Most of our data analysis took place in calculating the uncertainty values for each sensor and then creating a combined value for each neighborhood. In order to create an uncertainty value, we joined the static and mobile datasets, and selected only rows in which there was a mobile sensor within 0.7 kilometers of a static sensor. 0.7 kilometers was chosen because it was close enough that we thought the readings should be roughly the same, but far enough that most mobile sensors would pass within this range. We treated the static sensor as ground truth, so they had an uncertainty of 0. The uncertainty value that we calculated for each mobile sensor was the average difference between the mobile sensor and static sensor readings when they were within 0.7 km. For sensors that didn’t pass within this range, we gave the maximum uncertainty value of 32. Once we had uncertainty values for each sensor, we calculated uncertainty and radiation values for each neighborhood. A neighborhood’s radiation value was calculated based on the average reading of the sensors within the bounding rectangle of a neighborhood (the rectangle that fully captures the neighborhood) plus a buffer of 20px (since we thought that sensors slightly outside the neighborhood would still be pertinent). The uncertainty value was calculated based on the average uncertainty of the sensors within this bounding rectangle, divided by the number of sensors in the neighborhood (since more sensors means less uncertainty). The data from the mini challenge has readings for every sensor taken every five seconds across the 4 day period. In order to decrease the size of the dataset and speed up data processing, we preprocessed the data by averaging the readings for every 5 second period across each 10 minute period. The result was a dataset with granularity down to every 10 minutes which we used for the above analysis.

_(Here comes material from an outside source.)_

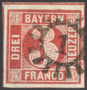 | Zusatzinformationen und Suchstichworte: | 72. Deider Auktion 29. Juni - 1. Juli 2023 Los 1207 Altdeutschland Bayern 3 Kr. tiefrot/karmin, allseits breitrandiges Luxusstück mit drei Schnittlinien und sehr klarem "1" (Abbach) Ausruf 40,00 EUR |

Based on the data in the static and mobile sensor graphs, the earthquake occurs on Thursday evening at around 4 pm. It is at this point that we see a large spike in both the mobile sensor and static sensor readings. The east side of the town seems to have been hit hardest, and has the highest radiation readings. Particularly in Safe Town, Cheddarford, Terrapin Springs, Wilson Forest, and Scenic Vista, there are very high readings that indicate highradiation. In the southeast corner, there are readings above 1000, but also higher uncertainty levels.